What Dalrock is examining here is a situation where Eros has been split in two. As a reminder/refresher, the ancient Greeks believed in several different concepts of  “love.” The three principal loves were:

  • Eros- sensual love associated with the body
  • Philos- love in the form of friendship that is associated with the soul
  • Agapos- the self-sacrificing love that comes from God and is thus associated with the Spirit

Now, Eros is a bodily love. However, emotions are as much of the body as the actual “rubbing together of bodyparts.” Which is my way of saying that Eros properly contains both Romance as well as the actual physical acts of intercourse. Passion and Romance go hand in hand, if you will. Dalrock is making a mistake by calling it “Romantic love.” It is really just the emotional aspect of the love we know as Eros. It is not something separate.
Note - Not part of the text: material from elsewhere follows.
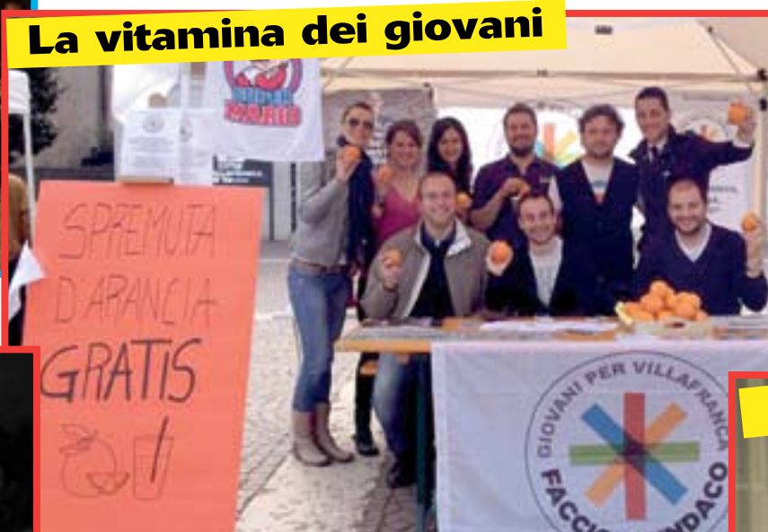
I giovani di Faccioli hanno regalato arance, vitamina per il voto

What has unfortunately been going on for centuries now is an attempt to split Eros up into a “dirty” part, sex, and a “pure” part, “romance.” However, no matter how many games you play with this, it cannot be done. Eros encompasses both. Any attempt to separate the two is inherently insane. We should expect that craziness will follow from it. Thus, to me it is no surprise that efforts to separate Eros have helped “break” marriage in the west. We have gone against God’s plan for human beings- disaster is to be expected.

God created Man as a union of body, soul and spirit. Marriage, as an institution/sacrament coming from God, relies on a healthy state of that union. If they are unhealthy, or there is discord, then marriage will suffer accordingly. Marriage encompasses each of these loves, because marriage affects and is affected by all parts of that union. Trying to remove the physical component of Eros from marriage effectively breaks that unity and creates disorder in that man or woman- and thereby brings disorder into the marriage. It affects both husband and wife because in marriage the two become one.

Remember, Man was made for marriage. And by marriage I mean what God intends by marriage. Trying to fit man into anything other than what God intended is like trying to fit a square peg into a round hole. It doesn’t work. Alas, we are seeing the proof of that all around us in the West right now.

Update: I should make it clear that the mistake that I think Dalrock was mistaking was calling it “Romantic Love.” I don’t think he failed to grasp the other parts of my post. One of his older posts in fact notes that courtly love is always sexual.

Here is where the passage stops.